In comparing von Hahn’s to my own diagram I come to the following conclusions:

The interdependency between the tools and practices of CP on the one hand, and the textual data on the other involves a hidden ‘third party’ - a conceptual frame of reference novel to the philologies.
The two-step representational transformation from textual data to meta-data, and then from meta-data to philological interpretation, therefore cannot be thought of as governed exclusively by conceptual models drawn from philological theory and methodology. The import of the ‘foreign’ conceptual model informs the entire research architecture throughout; it is as essential to the design of the transformational processes as it is to the eventual interpretation of the transforms generated.
The key intellectual prospect of the development and integration of CP into the methodological ambit of the philologies proper is not the fact that, because of deploying computer technology, one can in certain cases analyze and model textual data faster, more coherently, or on the basis of more explicit (and thus transparent) interpretive and/or cognitive algorithms. What seems far more important is that we are offered new frames of reference as to how to conceptualize and model text-based phenomena.

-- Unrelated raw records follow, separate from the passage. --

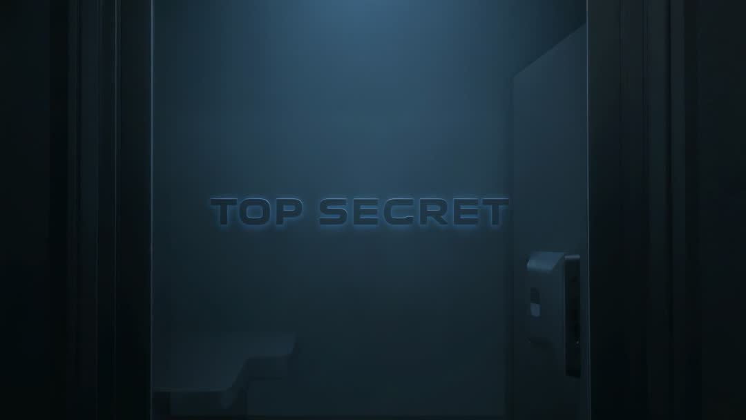 AI Generated Image. Overhead light revealing TOP SECRET lettering etched on frosted glass door in dim secure corridor. Camera panning slowly from left to right, highlighting keypad lock and faint silhouette behind glass. Atmospheric blue lighting creating tense, mysterious mood suited for thriller opener, corporate security drill, cybersecurity awareness content. Clip working well as background for title sequences, website hero banners, news graphics about leaks or classified information, training modules on access control, and promotional spots for security products. Multiple crop options available for widescreen and social formats. Color grading and sound design recommended to enhance suspense and cinematic impact.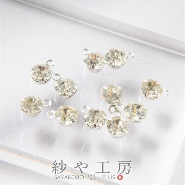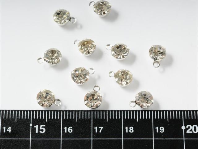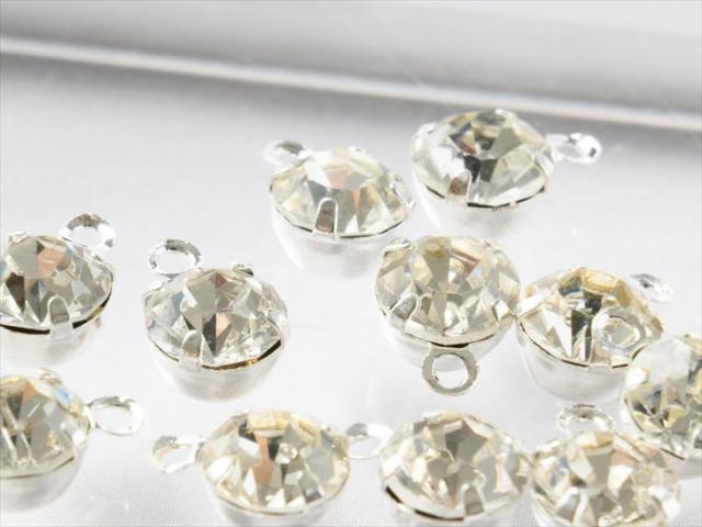 ラインストーンパーツ(約6mm)約10個 白銀xクリスタル ラウンド カン付き 1穴 台付き フレームストーン 手芸材料 アクセサリー素材
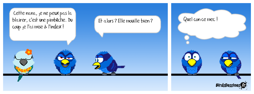 Case 1:Bird 1: Cette nana, je ne peux pas la blairer, c'est une pimbêche. Du coup je l'ai mise à l'index ! | Case 2: Bird 1: Et alors ? Elle mouille bien ? | Case 3: Bird 1: Quel con ce mec !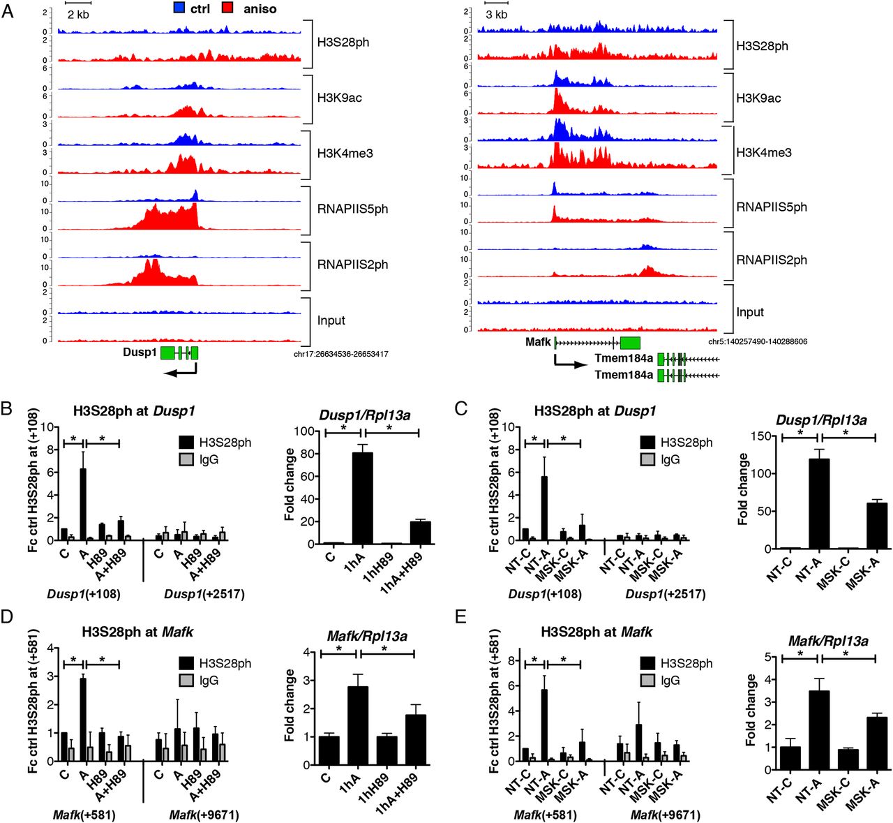 Stress-induced deposition of H3S28ph is dependent on MSK1/2 activity. (A) Genome browser representations of H3S28ph, H3K9ac, H3K4me3, RNAPIIS5ph, and RNAPIIS2ph normalized tag density profiles of representative genes (Dusp1 and Mafk) up-regulated after 1 h of treatment with anisomycin. The profiles derived from untreated cells are depicted in blue and profiles of cells under stress-induced conditions are shown in red. (B,D) ChIP-qPCR analysis of stress-induced H3S28ph levels upon MSK1/2 inhibition with H89 at Dusp1 and Mafk genes (left panels); and RT-qPCR analysis of mRNA expression of Dusp1 and Mafk genes (right panels) in control (C) and anisomycin-treated cells (A) in the absence or presence of H89. Error bars represent SDs (n = 3). (*) P < 0.05. (C,E) ChIP-qPCR analysis of stress-induced H3S28ph in knockdown control (NT) and Rpska5 knockdown (MSK) cells at Dusp1 and Mafk genes (left panels); and RT-qPCR analysis of mRNA expression of Dusp1 and Mafk genes (right panels) upon anisomycin treatment in knockdown control (NT) and Rpska5 knockdown (MSK) cells. Error bars represent SDs (n = 3). (*) P < 0.05. Knockdown efficiency is shown in Supplemental Figure 10B–D.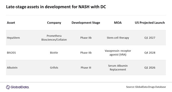 DC를 가진 NASH 환자의 치료에 평가되고 있는 3가지 파이프라인 약품은 프로메테라 바이오사이언스(Promethera Biosciences)와 셀라이온(Cellaion)의 헤파스템(HepaStem), 바이오비(BioVie)의 BIV201(연속 주입 terlipressin), 그리폴스(Grifols)의 알부테인(Albutein, albumin-human injection) 등이다.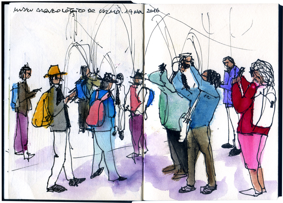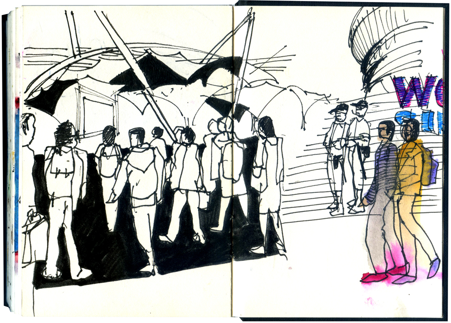 Tenho feito ultimamente mais desenhos no metro. Não porque ande mais de metro mas porque é um verdadeiro desafio. Muitas pessoas juntas num pequeno espaço cria grandes dificuldades. Pessoas mesmo à nossa frente ou ao nosso lado podem ver o que estamos a fazer. E no metro de Lisboa há dificuldades acrescidas. Por ser uma rede curta o tempo entre as paragens é menor, estando sempre pessoas a entrar e a sair.

Computer Philology undisputedly ‘has’ tools and practices - but it ‘is’ more than these: neither a proper ‘Wissenschaft’, nor an a-theroretical ‘Hilfswissenschaft’, its methodological status is that of a new philological heuristics.

Part of the problem of how to adequately define the methodological status of HC and CP might, in fact, stem from the tendency to confound two meanings of the term ‘computer’. When we focus on tools and practices in CP we refer to the machine ‘computer’ in a very literal sense - hence the pragmatists’ attempt to define CP per se in this vein. But ‘computer’ is also a metaphor, like ‘book’ or ‘image’, that stands for a particular mode and method of symbolic representation. In the philologist’s case it is a metaphor for a very specific reconceptualization of the phenomenon of ‘text based meaning’: one that aims at bridging the gap between the qualifiable, and the quantifiable. Whether that ‘metaphor’ is run on a Cray or on paper and pencil is not really the key question.